§ AIM OF THE TASK:
Leave the pictures out. Return all other data exactly.

§ DATA:
+ + + +

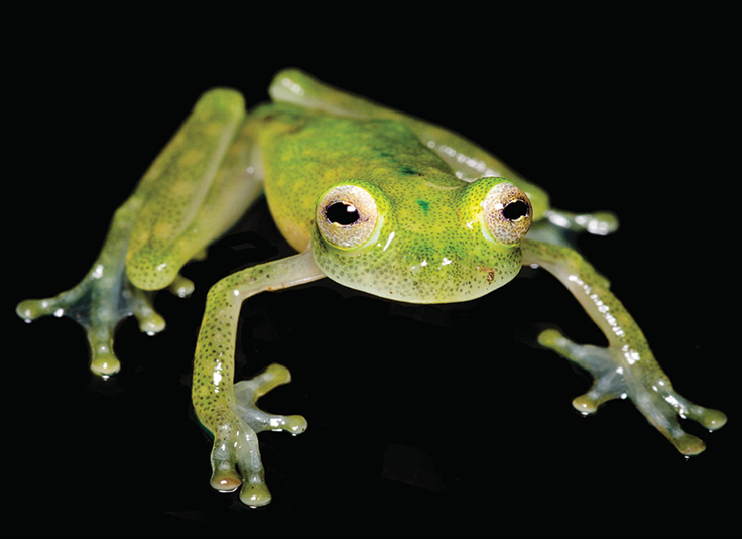 Hyalinobatrachium yaku in life. Adult male, paratype, QCAZ 55628.
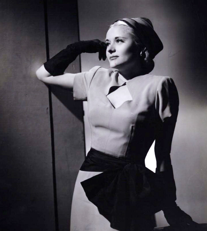 Photo of actress Betty Lawford, the cousin of actor Peter Lawford.
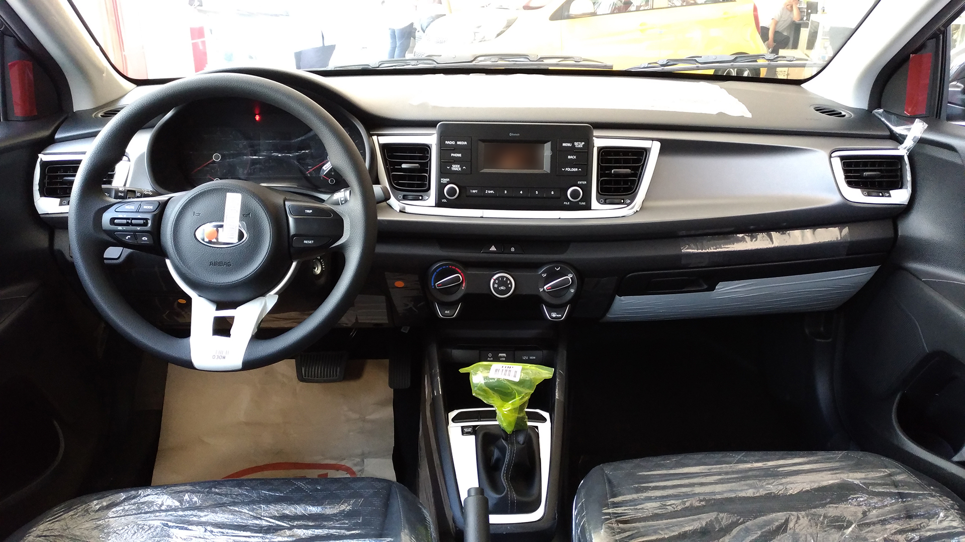 2018 Kia Rio LX 1.4 A/T. Photographed at Kia Motors Global City, Bonifacio Global City, Taguig, Philippines.

+ + + +

§ RESPONSE AREA:
 Hyalinobatrachium yaku in life. Adult male, paratype, QCAZ 55628.
 Photo of actress Betty Lawford, the cousin of actor Peter Lawford.
 2018 Kia Rio LX 1.4 A/T. Photographed at Kia Motors Global City, Bonifacio Global City, Taguig, Philippines.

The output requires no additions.